> [Activity]: Only the text of the entries below should appear in your exact transcription; leave out every picture.
==== Information ====
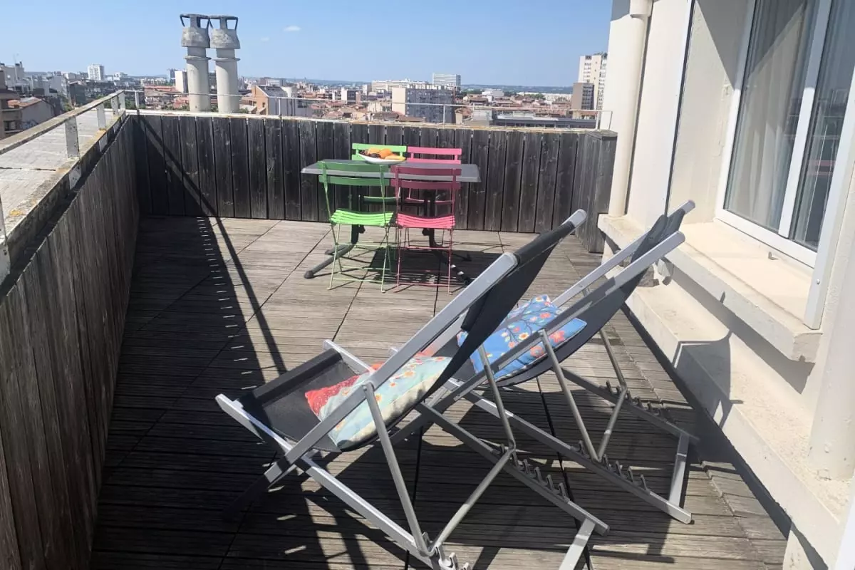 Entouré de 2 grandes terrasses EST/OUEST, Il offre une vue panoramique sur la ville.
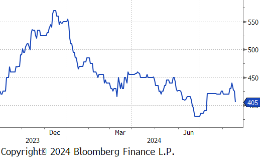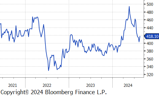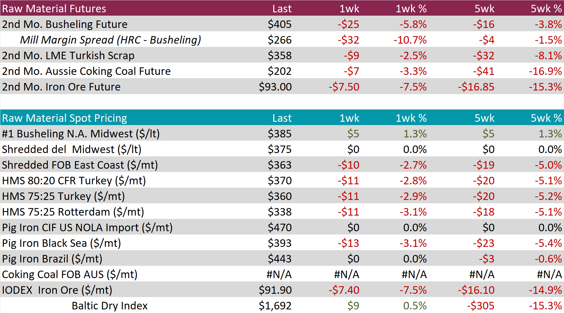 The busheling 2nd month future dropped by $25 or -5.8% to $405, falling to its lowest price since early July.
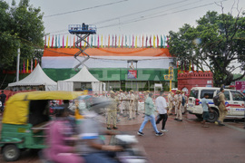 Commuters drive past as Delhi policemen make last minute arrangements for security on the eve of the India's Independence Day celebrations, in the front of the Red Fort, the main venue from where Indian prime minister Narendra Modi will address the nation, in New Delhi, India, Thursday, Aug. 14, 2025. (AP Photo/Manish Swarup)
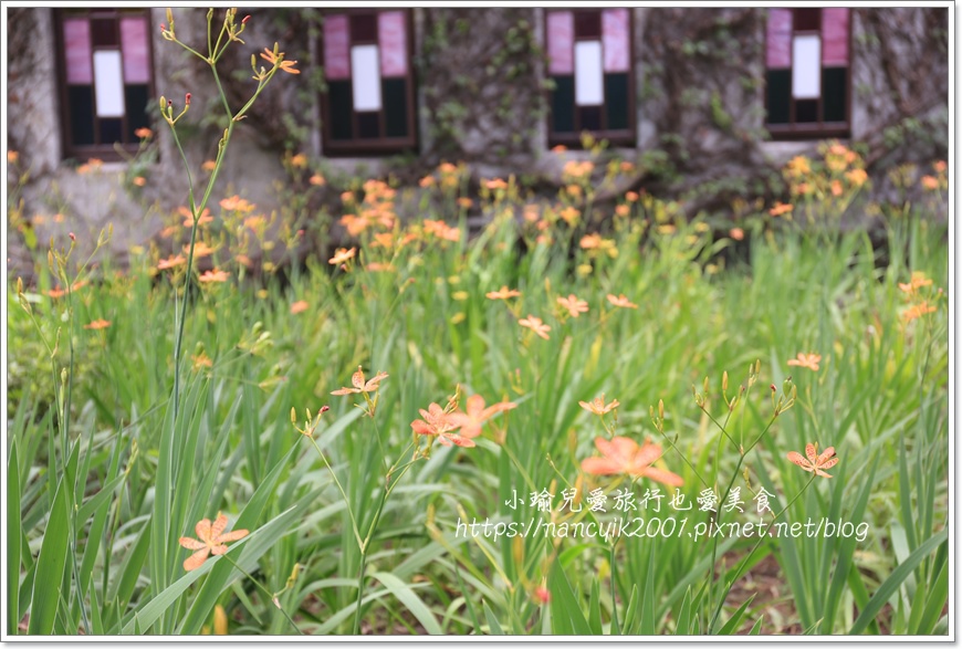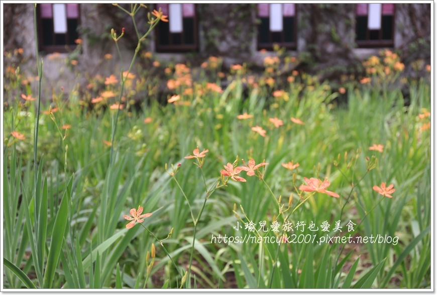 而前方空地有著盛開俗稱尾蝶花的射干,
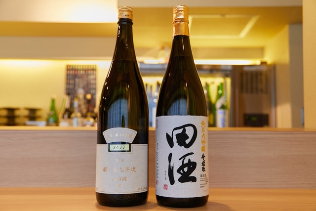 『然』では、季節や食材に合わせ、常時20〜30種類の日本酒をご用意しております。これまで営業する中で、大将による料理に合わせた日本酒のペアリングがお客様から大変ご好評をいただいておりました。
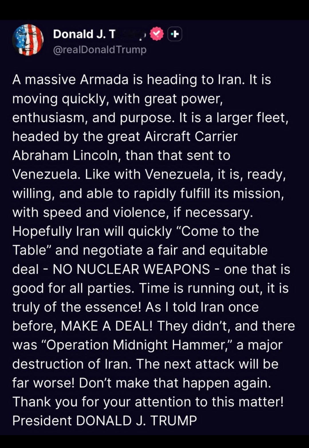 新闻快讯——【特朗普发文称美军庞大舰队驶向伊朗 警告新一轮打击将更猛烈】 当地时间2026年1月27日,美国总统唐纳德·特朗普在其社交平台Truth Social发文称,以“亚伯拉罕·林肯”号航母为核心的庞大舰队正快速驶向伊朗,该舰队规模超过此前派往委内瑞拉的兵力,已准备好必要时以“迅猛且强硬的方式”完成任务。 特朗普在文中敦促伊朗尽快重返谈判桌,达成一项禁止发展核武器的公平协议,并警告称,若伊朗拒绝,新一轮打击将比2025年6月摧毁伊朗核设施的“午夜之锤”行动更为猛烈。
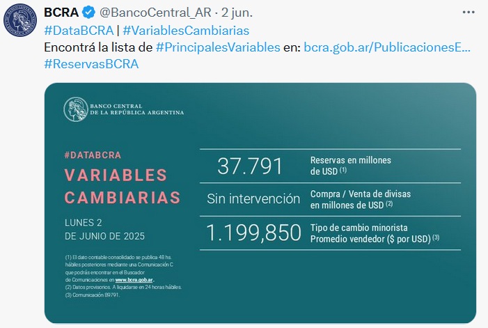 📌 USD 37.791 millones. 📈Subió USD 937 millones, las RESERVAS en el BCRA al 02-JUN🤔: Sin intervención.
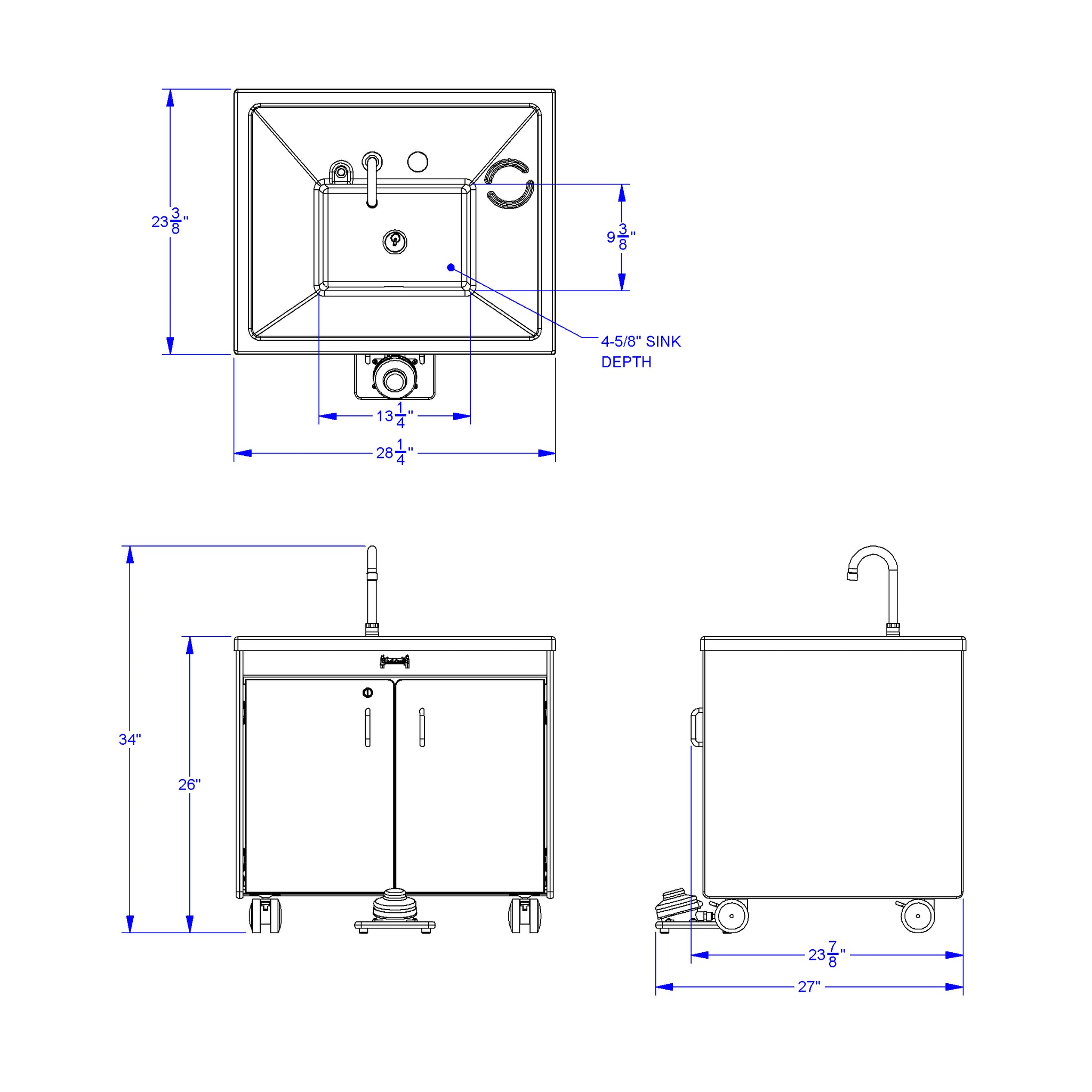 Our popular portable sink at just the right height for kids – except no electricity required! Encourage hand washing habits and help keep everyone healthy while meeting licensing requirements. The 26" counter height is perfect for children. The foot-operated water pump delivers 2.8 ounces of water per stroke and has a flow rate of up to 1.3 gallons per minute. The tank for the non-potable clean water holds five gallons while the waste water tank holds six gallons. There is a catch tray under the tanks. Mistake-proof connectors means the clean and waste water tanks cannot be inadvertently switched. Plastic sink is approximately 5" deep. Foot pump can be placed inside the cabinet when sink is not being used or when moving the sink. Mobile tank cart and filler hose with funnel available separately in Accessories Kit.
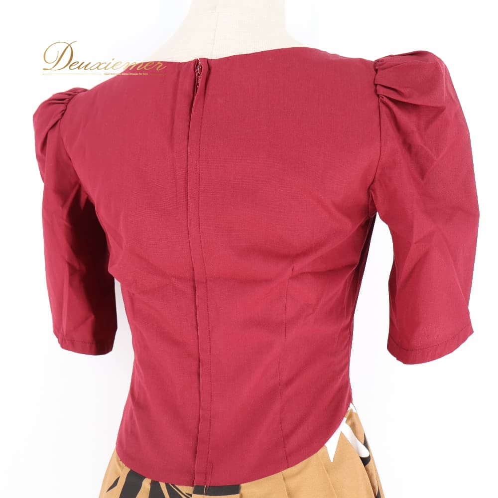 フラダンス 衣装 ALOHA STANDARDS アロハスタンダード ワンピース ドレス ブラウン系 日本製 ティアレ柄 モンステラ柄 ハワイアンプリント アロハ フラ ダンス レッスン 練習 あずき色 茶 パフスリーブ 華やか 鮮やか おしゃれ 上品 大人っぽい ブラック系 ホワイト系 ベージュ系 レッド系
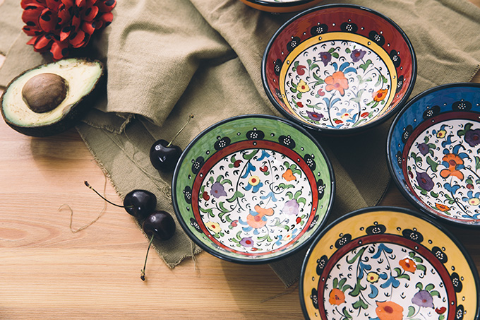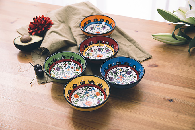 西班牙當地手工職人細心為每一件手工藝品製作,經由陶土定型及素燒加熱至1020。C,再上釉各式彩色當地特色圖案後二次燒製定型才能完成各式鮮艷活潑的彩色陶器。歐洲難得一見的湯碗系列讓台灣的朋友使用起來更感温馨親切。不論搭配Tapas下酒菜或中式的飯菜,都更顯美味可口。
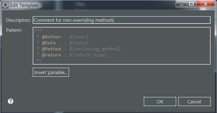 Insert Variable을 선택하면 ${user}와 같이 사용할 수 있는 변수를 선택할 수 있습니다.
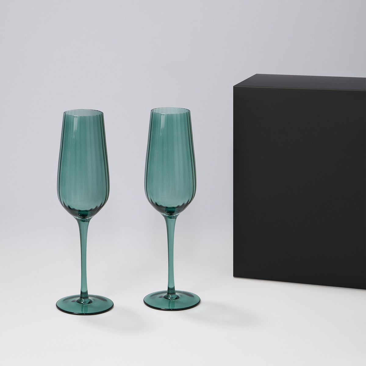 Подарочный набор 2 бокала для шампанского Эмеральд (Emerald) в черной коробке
====
> [Exercise output]:
 Entouré de 2 grandes terrasses EST/OUEST, Il offre une vue panoramique sur la ville.
 The busheling 2nd month future dropped by $25 or -5.8% to $405, falling to its lowest price since early July.
 Commuters drive past as Delhi policemen make last minute arrangements for security on the eve of the India's Independence Day celebrations, in the front of the Red Fort, the main venue from where Indian prime minister Narendra Modi will address the nation, in New Delhi, India, Thursday, Aug. 14, 2025. (AP Photo/Manish Swarup)
 而前方空地有著盛開俗稱尾蝶花的射干,
 『然』では、季節や食材に合わせ、常時20〜30種類の日本酒をご用意しております。これまで営業する中で、大将による料理に合わせた日本酒のペアリングがお客様から大変ご好評をいただいておりました。
 新闻快讯——【特朗普发文称美军庞大舰队驶向伊朗 警告新一轮打击将更猛烈】 当地时间2026年1月27日,美国总统唐纳德·特朗普在其社交平台Truth Social发文称,以“亚伯拉罕·林肯”号航母为核心的庞大舰队正快速驶向伊朗,该舰队规模超过此前派往委内瑞拉的兵力,已准备好必要时以“迅猛且强硬的方式”完成任务。 特朗普在文中敦促伊朗尽快重返谈判桌,达成一项禁止发展核武器的公平协议,并警告称,若伊朗拒绝,新一轮打击将比2025年6月摧毁伊朗核设施的“午夜之锤”行动更为猛烈。
 📌 USD 37.791 millones. 📈Subió USD 937 millones, las RESERVAS en el BCRA al 02-JUN🤔: Sin intervención.
 Our popular portable sink at just the right height for kids – except no electricity required! Encourage hand washing habits and help keep everyone healthy while meeting licensing requirements. The 26" counter height is perfect for children. The foot-operated water pump delivers 2.8 ounces of water per stroke and has a flow rate of up to 1.3 gallons per minute. The tank for the non-potable clean water holds five gallons while the waste water tank holds six gallons. There is a catch tray under the tanks. Mistake-proof connectors means the clean and waste water tanks cannot be inadvertently switched. Plastic sink is approximately 5" deep. Foot pump can be placed inside the cabinet when sink is not being used or when moving the sink. Mobile tank cart and filler hose with funnel available separately in Accessories Kit.
 フラダンス 衣装 ALOHA STANDARDS アロハスタンダード ワンピース ドレス ブラウン系 日本製 ティアレ柄 モンステラ柄 ハワイアンプリント アロハ フラ ダンス レッスン 練習 あずき色 茶 パフスリーブ 華やか 鮮やか おしゃれ 上品 大人っぽい ブラック系 ホワイト系 ベージュ系 レッド系
 西班牙當地手工職人細心為每一件手工藝品製作,經由陶土定型及素燒加熱至1020。C,再上釉各式彩色當地特色圖案後二次燒製定型才能完成各式鮮艷活潑的彩色陶器。歐洲難得一見的湯碗系列讓台灣的朋友使用起來更感温馨親切。不論搭配Tapas下酒菜或中式的飯菜,都更顯美味可口。
 Insert Variable을 선택하면 ${user}와 같이 사용할 수 있는 변수를 선택할 수 있습니다.
 Подарочный набор 2 бокала для шампанского Эмеральд (Emerald) в черной коробке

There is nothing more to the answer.